Ask the AI to Interpret Response Time Trends
If you see unusual response time patterns:
The AI can:
- Analyze percentile distributions to identify outlier patterns
- Distinguish between normal variance vs. systemic issues (GC pauses, slow queries)
- Recommend specific investigations (enable GC logging, check database slow query log)
- Explain whether outliers are acceptable (< 5%) or critical (> 10%)
Hits/Sec: Server Throughput¶
What it measures: Number of HTTP transactions completed per second across all virtual users.
Why it matters: This is your server's capacity: how many requests per second can it handle? If hits/sec plateaus while VUs keep increasing, the server is maxed out.
What "good" looks like: Hits/sec should increase linearly as VUs increase.
| VUs | Expected Hits/Sec (Typical Web App) | Why |
|---|---|---|
| 100 | ~500-1000 | Each VU makes 5-10 requests/min (60 sec think time) |
| 200 | ~1000-2000 | Linear scaling (2x VUs = 2x hits/sec) |
| 500 | ~2500-5000 | Continues scaling |
If hits/sec stops increasing even though VUs keep ramping:
- Server is maxed out: can't process more requests even though you're sending them
- VUs are waiting for slow responses (response times spiking)
Interpreting Hits/Sec Trends¶
Good (linear scaling):
Hits/Sec
2000| ██████████
1500| ████████
1000| ████████
500|██████
+----------------------------------
0 100 200 300 400 500 (VUs)
Hits/sec increases with VUs → server can process more requests as load increases.
Problem (throughput plateau):
Hits/Sec
2500| ████████████████████████
2000| ████
1000|████
+----------------------------------
0 100 200 300 400 500 (VUs)
Hits/sec plateaus at ~2500 → server maxed out, can't process more requests even though VUs keep increasing.
What this means: Server's maximum capacity is ~2500 requests/sec (regardless of VU count).
Why this happens: Resource constraint (CPU maxed, database connections exhausted, thread pool saturated).
What to do: Check server metrics (CPU, memory, database) to find which resource is maxed out.

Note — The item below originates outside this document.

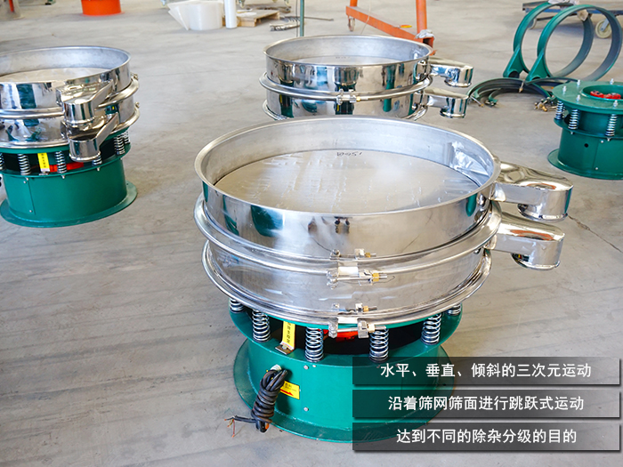 橡膠粉一般分為粗膠粉0.425mm(40目)以上、細(xì)膠粉0.425mm—0.180(40—80目)、微細(xì)膠粉0.180—0.075mm(80—200目)。DH系列旋振篩通過立式振動電機(jī)作為振動源,在篩分過程中將電機(jī)的旋轉(zhuǎn)運(yùn)動轉(zhuǎn)變?yōu)樗健⒋怪薄A斜的三次元運(yùn)動,再把這個(gè)運(yùn)動傳遞給上端的篩面進(jìn)行橡膠粉篩分。將篩分的橡膠粉沿著篩網(wǎng)篩面進(jìn)行跳躍式運(yùn)動,再通過篩面上不同尺寸大小的網(wǎng)孔分級過網(wǎng),以達(dá)到不同的除雜分級的目的。篩網(wǎng)層數(shù)高可達(dá)到5層,可滿足不同規(guī)格的分級除雜。

Hits/Sec vs. Response Time Correlation¶
The relationship between hits/sec and response time reveals server behavior:
| Hits/Sec | Response Time | What It Means |
|---|---|---|
| Increasing | Flat/Low | Server handling load easily (plenty of capacity) |
| Increasing | Gradually increasing | Server handling load but approaching limits |
| Plateaus | Spiking | Server maxed out, can't process more requests |
| Decreasing | Spiking | Server overloaded, processing FEWER requests because it's so slow |
Decreasing hits/sec is a red flag. The server is so overloaded it's actually processing fewer requests than before.
Bandwidth: Network Throughput¶
What it measures: Data transferred per second (download + upload) in Mbps or Gbps.
Why it matters: Network bottlenecks are invisible without this metric. If bandwidth plateaus, you've maxed out the network, not the server.
What "good" looks like: Bandwidth should increase as VUs increase (more users = more data transferred).
| VUs | Expected Bandwidth (Image-Heavy Site) | Expected Bandwidth (Text-Heavy API) |
|---|---|---|
| 100 | ~50 Mbps | ~5 Mbps |
| 500 | ~250 Mbps | ~25 Mbps |
| 1000 | ~500 Mbps | ~50 Mbps |
If bandwidth plateaus (stops increasing even though VUs increase):
- Network bottleneck: server's network interface maxed out (e.g., 1 Gbps NIC at capacity)
- Engine bottleneck: load engines maxed out on bandwidth (cloud engines ~90 Mbps each)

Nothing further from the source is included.